• Required action: Nothing below is to be printed except the lines between the line holding "Купить Ноутбук FlashBook" and the line holding "Approximating the frequency", inclusive, each exactly as it appears.

• Supplied information:
Start of Block

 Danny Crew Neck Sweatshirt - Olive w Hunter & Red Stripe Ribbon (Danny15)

End of Block
Start of Block

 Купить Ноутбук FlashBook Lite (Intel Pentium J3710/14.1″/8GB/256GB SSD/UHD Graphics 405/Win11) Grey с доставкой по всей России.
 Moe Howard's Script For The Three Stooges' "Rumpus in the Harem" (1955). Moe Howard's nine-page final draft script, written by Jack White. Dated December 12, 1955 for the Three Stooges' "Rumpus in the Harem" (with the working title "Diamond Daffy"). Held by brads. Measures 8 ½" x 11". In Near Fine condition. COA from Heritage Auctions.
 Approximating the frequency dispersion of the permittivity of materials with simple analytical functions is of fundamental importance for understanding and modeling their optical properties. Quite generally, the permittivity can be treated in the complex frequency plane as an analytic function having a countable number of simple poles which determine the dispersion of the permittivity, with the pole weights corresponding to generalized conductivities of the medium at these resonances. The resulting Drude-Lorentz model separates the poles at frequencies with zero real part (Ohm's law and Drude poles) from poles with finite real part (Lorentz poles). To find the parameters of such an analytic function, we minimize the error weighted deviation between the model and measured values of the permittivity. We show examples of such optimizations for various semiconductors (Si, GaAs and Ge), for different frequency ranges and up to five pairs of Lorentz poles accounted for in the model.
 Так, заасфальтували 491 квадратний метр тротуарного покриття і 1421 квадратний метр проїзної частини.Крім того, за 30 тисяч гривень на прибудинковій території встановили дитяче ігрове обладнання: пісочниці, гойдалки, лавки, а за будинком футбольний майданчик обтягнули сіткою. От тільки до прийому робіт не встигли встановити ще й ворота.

End of Block

• Task response:
 Купить Ноутбук FlashBook Lite (Intel Pentium J3710/14.1″/8GB/256GB SSD/UHD Graphics 405/Win11) Grey с доставкой по всей России.
 Moe Howard's Script For The Three Stooges' "Rumpus in the Harem" (1955). Moe Howard's nine-page final draft script, written by Jack White. Dated December 12, 1955 for the Three Stooges' "Rumpus in the Harem" (with the working title "Diamond Daffy"). Held by brads. Measures 8 ½" x 11". In Near Fine condition. COA from Heritage Auctions.
 Approximating the frequency dispersion of the permittivity of materials with simple analytical functions is of fundamental importance for understanding and modeling their optical properties. Quite generally, the permittivity can be treated in the complex frequency plane as an analytic function having a countable number of simple poles which determine the dispersion of the permittivity, with the pole weights corresponding to generalized conductivities of the medium at these resonances. The resulting Drude-Lorentz model separates the poles at frequencies with zero real part (Ohm's law and Drude poles) from poles with finite real part (Lorentz poles). To find the parameters of such an analytic function, we minimize the error weighted deviation between the model and measured values of the permittivity. We show examples of such optimizations for various semiconductors (Si, GaAs and Ge), for different frequency ranges and up to five pairs of Lorentz poles accounted for in the model.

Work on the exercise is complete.